Radial network spec (nodes + edges) for the rendering layer:

curl -s 'http://localhost:18901/api/wgcna/module/T:turquoise/network' \
     | python -m json.tool
# {"nodes": [{"id": "GZMB", "kme": 0.92}, ...],
#  "edges": [{"source": "T:turquoise", "target": "GZMB"}, ...]}

Copilot tools

When both hdwgcna and copilot are enabled the module contributes two tools to the Claude agent loop.

list_modules

{
  "name": "list_modules",
  "description": "List hdWGCNA co-expression modules, optionally filtered by cell type.",
  "input_schema": {
    "type": "object",
    "properties": {"cell_type": {"type": "string"}},
    "required": []
  }
}

get_module

{
  "name": "get_module",
  "description": "Pull metadata and top hub genes for one co-expression module by id.",
  "input_schema": {
    "type": "object",
    "properties": {
      "module_id": {"type": "string"},
      "top_n":     {"type": "integer", "default": 20}
    },
    "required": ["module_id"]
  }
}

System prompt fragment

Co-expression modules from hdWGCNA are precomputed. module_id follows the convention <cell_type>:<color> (e.g. T:turquoise); always discover real ids via list_modules. Hub genes are ranked by kME within each module.

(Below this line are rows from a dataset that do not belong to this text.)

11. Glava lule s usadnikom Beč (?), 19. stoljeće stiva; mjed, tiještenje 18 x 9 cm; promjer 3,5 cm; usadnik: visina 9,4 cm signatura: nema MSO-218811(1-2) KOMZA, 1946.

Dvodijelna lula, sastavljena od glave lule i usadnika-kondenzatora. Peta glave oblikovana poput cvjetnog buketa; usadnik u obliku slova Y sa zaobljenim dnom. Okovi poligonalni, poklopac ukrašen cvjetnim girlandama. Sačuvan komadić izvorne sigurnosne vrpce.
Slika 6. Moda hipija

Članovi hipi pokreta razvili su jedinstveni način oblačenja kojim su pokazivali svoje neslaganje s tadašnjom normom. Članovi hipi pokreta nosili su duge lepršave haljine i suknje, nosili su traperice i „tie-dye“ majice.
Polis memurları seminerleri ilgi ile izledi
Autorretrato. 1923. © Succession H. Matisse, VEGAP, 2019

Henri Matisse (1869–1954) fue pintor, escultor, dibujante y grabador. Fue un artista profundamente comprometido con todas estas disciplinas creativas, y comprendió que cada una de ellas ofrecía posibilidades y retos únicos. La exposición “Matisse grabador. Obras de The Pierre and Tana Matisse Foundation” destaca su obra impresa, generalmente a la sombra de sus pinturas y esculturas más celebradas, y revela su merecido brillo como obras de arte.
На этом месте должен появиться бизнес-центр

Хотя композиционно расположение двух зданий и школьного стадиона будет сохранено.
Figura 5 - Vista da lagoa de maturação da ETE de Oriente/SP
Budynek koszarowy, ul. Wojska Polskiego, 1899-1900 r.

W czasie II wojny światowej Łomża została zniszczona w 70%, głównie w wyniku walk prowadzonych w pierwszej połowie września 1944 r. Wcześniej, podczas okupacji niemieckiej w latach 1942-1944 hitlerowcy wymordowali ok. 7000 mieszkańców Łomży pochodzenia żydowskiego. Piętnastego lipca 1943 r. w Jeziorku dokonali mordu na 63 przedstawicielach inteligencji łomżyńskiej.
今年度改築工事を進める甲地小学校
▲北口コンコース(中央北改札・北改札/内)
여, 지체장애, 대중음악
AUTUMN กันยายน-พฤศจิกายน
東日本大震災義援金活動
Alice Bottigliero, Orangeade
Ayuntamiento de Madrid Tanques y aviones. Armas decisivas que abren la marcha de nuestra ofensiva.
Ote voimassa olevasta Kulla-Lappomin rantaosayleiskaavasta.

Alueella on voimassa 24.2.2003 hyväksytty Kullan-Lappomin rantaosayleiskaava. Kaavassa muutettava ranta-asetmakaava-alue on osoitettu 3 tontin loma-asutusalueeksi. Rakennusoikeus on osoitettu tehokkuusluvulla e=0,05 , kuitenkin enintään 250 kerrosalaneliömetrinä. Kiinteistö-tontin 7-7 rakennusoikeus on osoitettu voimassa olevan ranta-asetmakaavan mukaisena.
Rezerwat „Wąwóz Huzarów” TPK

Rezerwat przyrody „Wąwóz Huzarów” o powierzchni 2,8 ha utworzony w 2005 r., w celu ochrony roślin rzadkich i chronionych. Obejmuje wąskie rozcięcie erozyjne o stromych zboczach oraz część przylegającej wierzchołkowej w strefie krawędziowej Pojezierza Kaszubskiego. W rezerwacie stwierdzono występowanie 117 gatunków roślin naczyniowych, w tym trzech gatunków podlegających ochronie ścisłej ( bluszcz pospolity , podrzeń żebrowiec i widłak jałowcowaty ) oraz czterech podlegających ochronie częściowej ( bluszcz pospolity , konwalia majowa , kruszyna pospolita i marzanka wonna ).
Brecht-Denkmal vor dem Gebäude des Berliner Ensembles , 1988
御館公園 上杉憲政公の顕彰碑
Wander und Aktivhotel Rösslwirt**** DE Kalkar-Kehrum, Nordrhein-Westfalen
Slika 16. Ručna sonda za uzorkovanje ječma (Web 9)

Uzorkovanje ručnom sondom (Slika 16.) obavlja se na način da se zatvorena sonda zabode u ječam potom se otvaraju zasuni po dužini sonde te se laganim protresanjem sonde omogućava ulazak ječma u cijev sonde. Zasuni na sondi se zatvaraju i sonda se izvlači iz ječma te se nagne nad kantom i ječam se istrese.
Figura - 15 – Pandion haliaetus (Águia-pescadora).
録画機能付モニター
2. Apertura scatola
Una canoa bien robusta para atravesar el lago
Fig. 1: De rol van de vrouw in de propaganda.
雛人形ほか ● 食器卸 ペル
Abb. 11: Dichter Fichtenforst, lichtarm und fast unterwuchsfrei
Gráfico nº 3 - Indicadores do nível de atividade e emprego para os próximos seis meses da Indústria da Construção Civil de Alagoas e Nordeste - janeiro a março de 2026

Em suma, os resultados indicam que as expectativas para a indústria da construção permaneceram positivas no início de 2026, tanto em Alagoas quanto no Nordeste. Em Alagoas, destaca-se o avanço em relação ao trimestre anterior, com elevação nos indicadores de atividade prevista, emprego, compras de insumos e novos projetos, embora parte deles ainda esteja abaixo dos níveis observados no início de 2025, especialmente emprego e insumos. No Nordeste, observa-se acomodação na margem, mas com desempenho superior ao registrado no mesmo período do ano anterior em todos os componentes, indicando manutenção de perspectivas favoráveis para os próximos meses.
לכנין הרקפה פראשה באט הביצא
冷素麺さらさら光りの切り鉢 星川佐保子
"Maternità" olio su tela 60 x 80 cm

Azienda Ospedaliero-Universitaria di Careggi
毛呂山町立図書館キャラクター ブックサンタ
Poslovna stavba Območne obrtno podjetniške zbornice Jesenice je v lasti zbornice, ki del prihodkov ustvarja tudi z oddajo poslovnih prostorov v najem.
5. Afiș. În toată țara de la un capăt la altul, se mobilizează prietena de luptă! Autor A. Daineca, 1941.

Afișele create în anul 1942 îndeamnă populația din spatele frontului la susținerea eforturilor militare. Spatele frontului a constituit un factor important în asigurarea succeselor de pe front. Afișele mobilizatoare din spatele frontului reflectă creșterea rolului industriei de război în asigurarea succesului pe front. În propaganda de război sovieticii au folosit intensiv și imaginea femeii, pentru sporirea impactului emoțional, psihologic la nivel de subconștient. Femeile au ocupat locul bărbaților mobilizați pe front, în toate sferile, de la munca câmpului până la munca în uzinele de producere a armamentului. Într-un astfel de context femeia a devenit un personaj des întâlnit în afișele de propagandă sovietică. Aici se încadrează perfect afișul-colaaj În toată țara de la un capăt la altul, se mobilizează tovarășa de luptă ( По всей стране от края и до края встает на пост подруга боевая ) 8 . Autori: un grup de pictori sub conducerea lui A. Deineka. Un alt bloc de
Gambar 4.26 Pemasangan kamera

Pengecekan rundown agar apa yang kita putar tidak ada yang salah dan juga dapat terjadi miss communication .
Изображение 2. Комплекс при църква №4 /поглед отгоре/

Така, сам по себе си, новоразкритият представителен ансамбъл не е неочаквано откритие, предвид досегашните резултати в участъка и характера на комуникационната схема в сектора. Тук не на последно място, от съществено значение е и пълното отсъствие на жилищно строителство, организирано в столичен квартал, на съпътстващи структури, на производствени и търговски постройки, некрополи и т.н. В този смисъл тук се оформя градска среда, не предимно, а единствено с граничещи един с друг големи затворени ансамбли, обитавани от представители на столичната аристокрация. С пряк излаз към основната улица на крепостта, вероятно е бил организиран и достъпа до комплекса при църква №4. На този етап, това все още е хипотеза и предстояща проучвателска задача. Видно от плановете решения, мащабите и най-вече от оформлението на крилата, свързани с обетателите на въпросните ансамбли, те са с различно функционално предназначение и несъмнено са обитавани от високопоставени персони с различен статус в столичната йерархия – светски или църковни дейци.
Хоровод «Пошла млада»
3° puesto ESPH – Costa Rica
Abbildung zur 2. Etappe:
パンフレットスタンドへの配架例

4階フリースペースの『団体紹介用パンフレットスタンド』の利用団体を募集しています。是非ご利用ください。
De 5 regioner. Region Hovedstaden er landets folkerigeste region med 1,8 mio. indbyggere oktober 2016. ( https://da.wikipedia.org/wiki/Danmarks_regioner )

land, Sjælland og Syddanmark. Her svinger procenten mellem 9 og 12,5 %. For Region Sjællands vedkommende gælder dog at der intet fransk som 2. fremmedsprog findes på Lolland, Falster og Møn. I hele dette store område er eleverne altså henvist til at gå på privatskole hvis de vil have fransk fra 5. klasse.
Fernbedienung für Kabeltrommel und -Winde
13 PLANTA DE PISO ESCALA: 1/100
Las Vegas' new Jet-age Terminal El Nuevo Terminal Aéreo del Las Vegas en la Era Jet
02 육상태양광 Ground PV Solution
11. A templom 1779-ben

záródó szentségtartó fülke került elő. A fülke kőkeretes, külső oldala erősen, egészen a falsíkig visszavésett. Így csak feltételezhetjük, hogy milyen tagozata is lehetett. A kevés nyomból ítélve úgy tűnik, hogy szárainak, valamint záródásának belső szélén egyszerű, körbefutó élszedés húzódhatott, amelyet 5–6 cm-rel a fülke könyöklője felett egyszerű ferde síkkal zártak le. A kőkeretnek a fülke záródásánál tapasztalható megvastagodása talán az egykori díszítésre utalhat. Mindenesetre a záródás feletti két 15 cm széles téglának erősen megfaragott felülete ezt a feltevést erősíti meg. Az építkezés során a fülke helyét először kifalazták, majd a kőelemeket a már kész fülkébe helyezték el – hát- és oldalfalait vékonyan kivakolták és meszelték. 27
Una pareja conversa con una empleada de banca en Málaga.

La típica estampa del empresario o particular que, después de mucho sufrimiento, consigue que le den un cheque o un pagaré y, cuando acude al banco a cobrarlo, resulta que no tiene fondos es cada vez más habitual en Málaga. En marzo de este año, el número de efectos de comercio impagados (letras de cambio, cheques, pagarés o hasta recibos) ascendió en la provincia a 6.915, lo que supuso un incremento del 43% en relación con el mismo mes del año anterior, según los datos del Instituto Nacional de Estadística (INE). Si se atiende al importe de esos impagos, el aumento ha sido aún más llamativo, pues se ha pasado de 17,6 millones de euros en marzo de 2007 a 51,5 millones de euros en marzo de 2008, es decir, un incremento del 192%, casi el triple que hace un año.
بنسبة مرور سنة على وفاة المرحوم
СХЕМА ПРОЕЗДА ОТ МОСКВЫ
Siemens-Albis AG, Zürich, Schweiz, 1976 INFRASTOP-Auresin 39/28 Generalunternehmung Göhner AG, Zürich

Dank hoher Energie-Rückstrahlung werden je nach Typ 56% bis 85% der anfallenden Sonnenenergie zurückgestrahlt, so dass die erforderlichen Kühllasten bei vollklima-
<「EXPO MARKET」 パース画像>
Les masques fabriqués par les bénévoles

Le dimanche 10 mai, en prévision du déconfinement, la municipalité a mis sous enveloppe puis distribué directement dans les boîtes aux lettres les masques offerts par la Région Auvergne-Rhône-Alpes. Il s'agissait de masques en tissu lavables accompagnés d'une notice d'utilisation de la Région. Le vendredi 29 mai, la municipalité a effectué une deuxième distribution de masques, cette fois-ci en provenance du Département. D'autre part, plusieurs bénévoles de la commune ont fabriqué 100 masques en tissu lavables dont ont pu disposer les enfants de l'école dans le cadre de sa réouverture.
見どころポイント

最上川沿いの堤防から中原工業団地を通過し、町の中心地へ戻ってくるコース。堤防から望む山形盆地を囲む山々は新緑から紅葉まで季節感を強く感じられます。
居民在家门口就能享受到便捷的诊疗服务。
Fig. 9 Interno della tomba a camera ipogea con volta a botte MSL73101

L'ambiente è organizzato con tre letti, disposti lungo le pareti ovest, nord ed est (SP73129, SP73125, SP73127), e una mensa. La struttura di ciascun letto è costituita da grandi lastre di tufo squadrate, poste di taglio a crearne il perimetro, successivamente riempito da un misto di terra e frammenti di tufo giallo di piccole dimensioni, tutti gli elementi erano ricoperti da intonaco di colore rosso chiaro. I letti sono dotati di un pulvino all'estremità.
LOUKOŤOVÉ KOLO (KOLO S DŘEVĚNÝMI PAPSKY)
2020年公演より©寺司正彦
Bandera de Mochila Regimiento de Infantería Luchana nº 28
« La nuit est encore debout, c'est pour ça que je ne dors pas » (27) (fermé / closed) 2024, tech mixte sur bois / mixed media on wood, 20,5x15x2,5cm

Implementation lives at stellar/modules/hdwgcna/__init__.py; mirror the pattern in your own module — see Extending.

Frontend tab

The Network tab appears in the SPA nav when this module is enabled: cell-type filter → color-coded module picker → sortable hub-gene table → optional radial SVG of the top 20 hub genes around a center node labelled with the module color.

FAQ

Do I need the DME table?

No — it's the one optional parquet. Without it, the /api/wgcna/dme route returns 404 and the SPA hides the DME sub-tab.

Can I have modules from multiple cell types?

Yes — cell_type is on every row of wgcna_modules.parquet and the picker filters on it.